Essonne : des réunions publiques d'information organisées par la DDT
La Direction départementale des Territoires d'Essonne a organisé des réunions publiques d'information à destination des agriculteurs. Près de 80 personnes étaient présentes à Étampes jeudi 26 mars.
La Direction départementale des Territoires d'Essonne a organisé des réunions publiques d'information à destination des agriculteurs. Près de 80 personnes étaient présentes à Étampes jeudi 26 mars.
La Direction départementale des Territoires (DDT) d'Essonne a organisé trois réunions publiques d'information (lundi 16 mars à Chevannes, mardi 17 mars à Gometz-la-Ville et jeudi 26 mars à Étampes) à destination des agriculteurs pour échanger sur différents points à quelques jours de l'ouverture de la télédéclaration Pac. Celle d'Étampes a réuni près de 80 personnes, en présence de Selma Tafani, adjointe à la directrice de la DDT de l'Essonne, de Roland Rodde, chef du service économie agricole et forêt, et de Sandrine Fauchet, cheffe du service environnement.
Au cours de la réunion publique, Roland Rodde a rappelé la possibilité d'assistance de la DDT dans la télédéclaration jusqu'au 18 mai sur rendez-vous à Étampes (les mardis et jeudis) et à Évry (du lundi au vendredi) ou par téléphone (01.60.76.32.07).
Quelques erreurs à ne pas faire ont également été abordées : oubli de coche jachère IAE, écorégime (voie des pratiques ou par certification bio/HVE), assurance récolte, etc. « Pensez à ouvrir votre télédéclaration le plus tôt possible et à la signer au plus tôt également, il sera toujours possible de la corriger si besoin après », précise le chef du service économie agricole et forêt. Concernant la gestion du système de feux pour le suivi des surfaces, la DDT précise qu'elle appellera systématiquement les exploitants en cas de souci sur le dossier.
Rappel des règles concernant les Esod
Sandrine Fauchet a longuement évoqué les Espèces susceptibles d’occasionner des dégâts nuisibles (Esod). « Chaque espèce a sa culture de prédilection, mais elles sont toutes chassables.
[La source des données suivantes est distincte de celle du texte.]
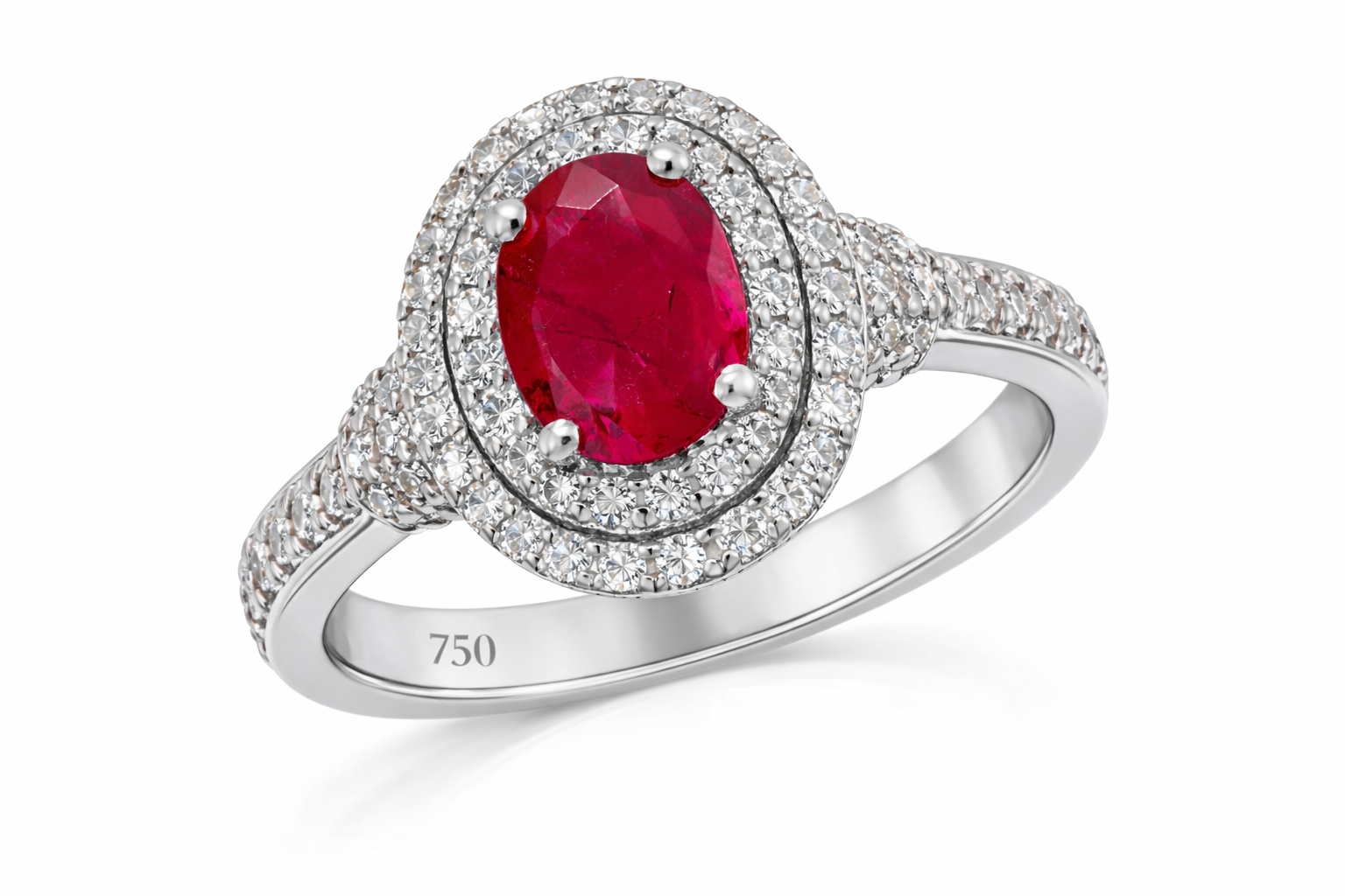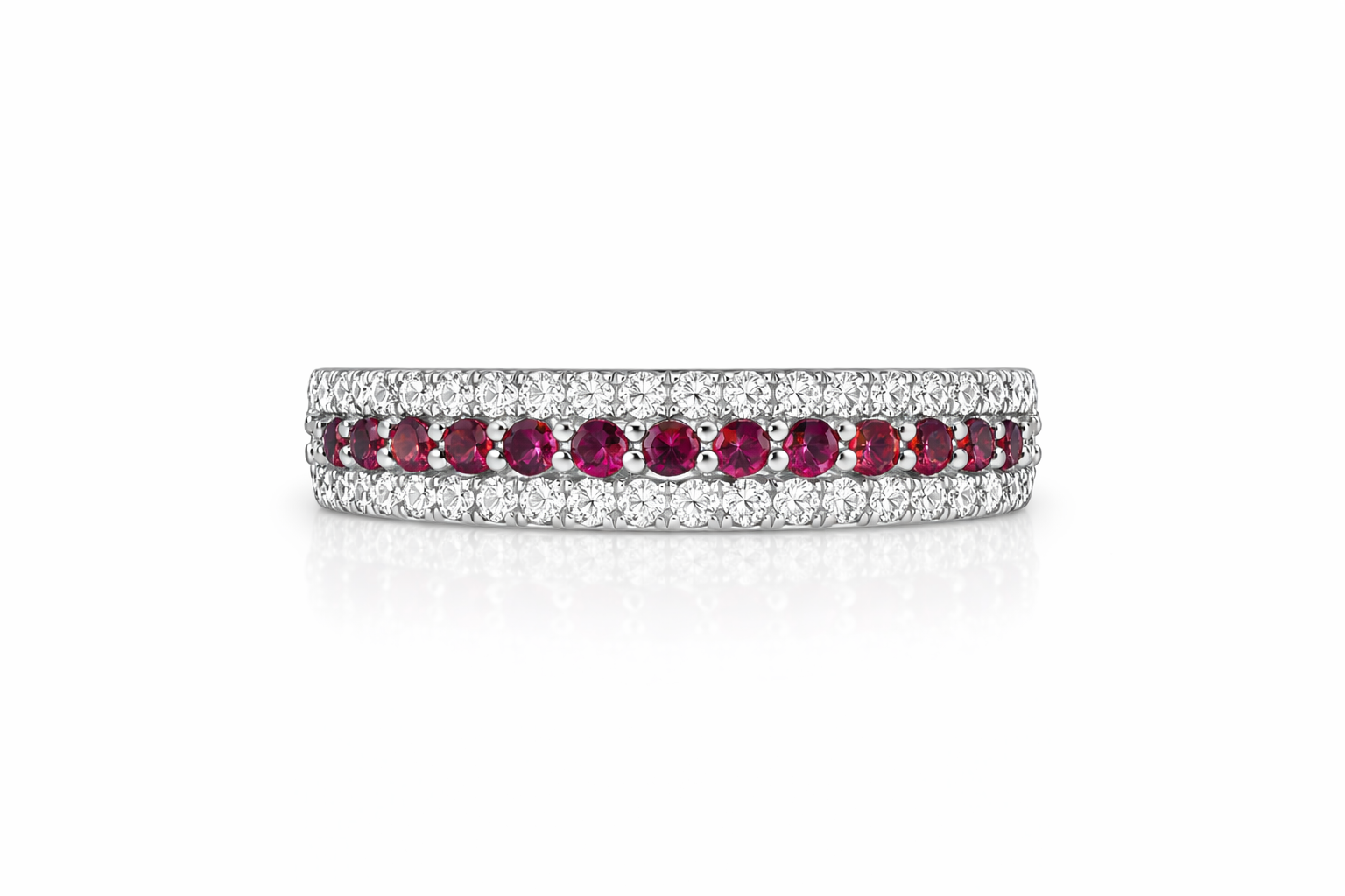 Anello modello kate con doppio giro di diamanti e rubino naturale

Le statut d'Esod permet d’intervenir en dehors des périodes de chasse sous différentes conditions », explique la cheffe du service environnement de la DDT de l'Essonne.
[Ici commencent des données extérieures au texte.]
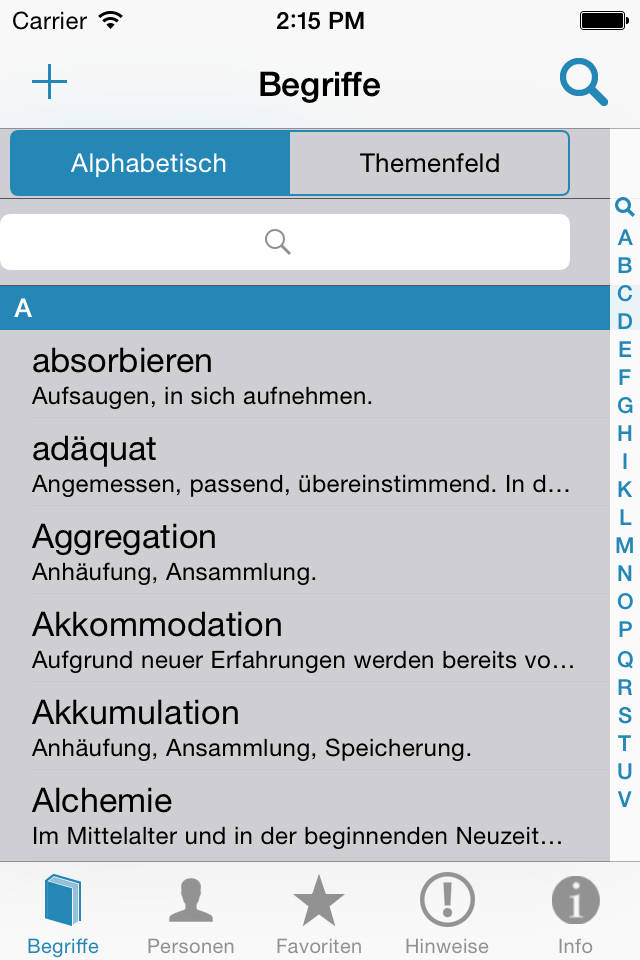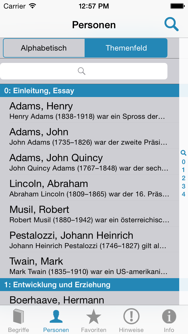 Diese App ergänzt das «Lehrbuch Pädagogik» aus dem hep verlag. Sie liefert Informationen zu sämtlichen in der Randspalte des Buches aufgeführten Begriffen und Namen: Einerseits werden unter der Rubrik «Begriffe» zahlreiche Fachbegriffe und Fremdwörter definiert. Andererseits bietet die Rubrik «Personen» Wissenswertes zu den im Buch genannten Personen. Beide Listen können sowohl alphabetisch als auch nach Themenfeldern geordnet werden.
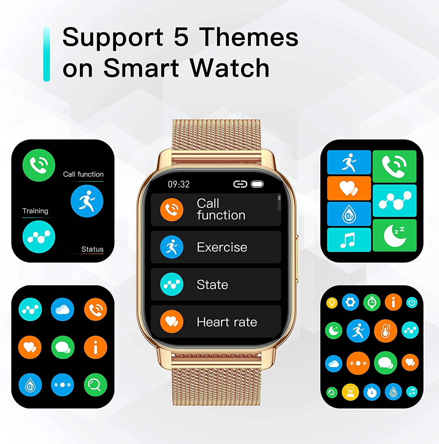 Watch Theme: The watch supports 5 theme modes: array, square, card, honeycomb, and nine grid. You can choose one according to your preference.

Différents arrêtés, ministériels ou préfectoraux, réglementent les espèces classées. Si certains animaux comme le renard, la fouine, le corbeau freux ou encore la corneille noire sont communs à tous les départements, l'Essonne a également attribué le statut d'Esod au pigeon ramier et au sanglier. « Les arrêtés sont pris sur la base des dégâts, c'est important de les faire remonter sinon les arrêtés risquent d’être attaqués en justice », précise Sandrine Fauchet.
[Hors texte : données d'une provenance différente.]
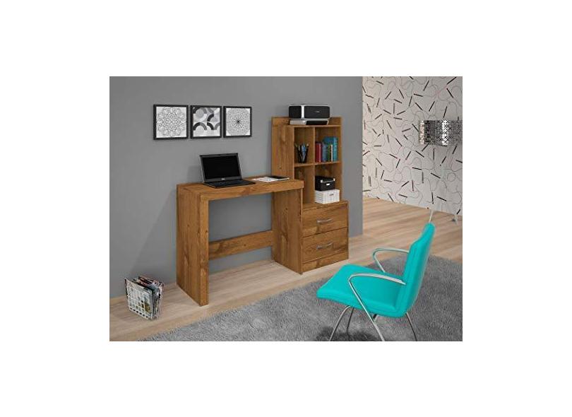Escrivaninha Com Estante 2 Gavetas 4 Nichos Alana (Nobre Soft)

Si le premier moyen d'agir pour la protection des cultures reste la prévention, un récapitulatif des règles de chasse a également été effectué. Le droit de destruction des espèces classées nuisibles appartient au propriétaire des parcelles, mais il peut être délégué par écrit, sans rémunération. Il existe plusieurs calendriers avec les modalités de prélèvement selon les espèces. « Un garde-chasse peut détruire le sanglier toute l’année, cela peut amener des tensions avec les chasseurs, mais c'est un dispositif que vous pouvez utiliser pour protéger vos cultures », rappelle la cheffe du service environnement. Il est également possible de faire appel à un lieutenant de louveterie, pour « faciliter l’action durant certaines périodes, par nécessité d’efficacité, notamment en période de semis », affirme Selma Tafani.
Outre le rappel de l'existence de la lettre d’information mensuelle de la DDT, plusieurs autres sujets ont également été abordés : l'entretien des cours d'eau, l'Indemnisation fondée sur la solidarité nationale (ISN), le foncier via les autorisations d’exploiter, ou encore le loup. « Une cellule de veille du loup était organisée le 12 mars dernier. L'Essonne a été classée en cercle 3, comme ses voisins, ce qui permet aux éleveurs de bénéficier d’une prise en charge partielle des frais liés à l’achat, l’éducation et l’entretien des chiens de protection », mentionne Sandrine Fauchet.
Enfin, Roland Rodde a également mentionné l'existence de solutions face aux difficultés des exploitations : « Les situations prises en amont sont plus facilement solutionnables que celles prises tardivement. Vous pouvez parler dans un cadre confidentiel,que ce soit auprès de la DDT, de la MSA ou encore de la chambre d'Agriculture ».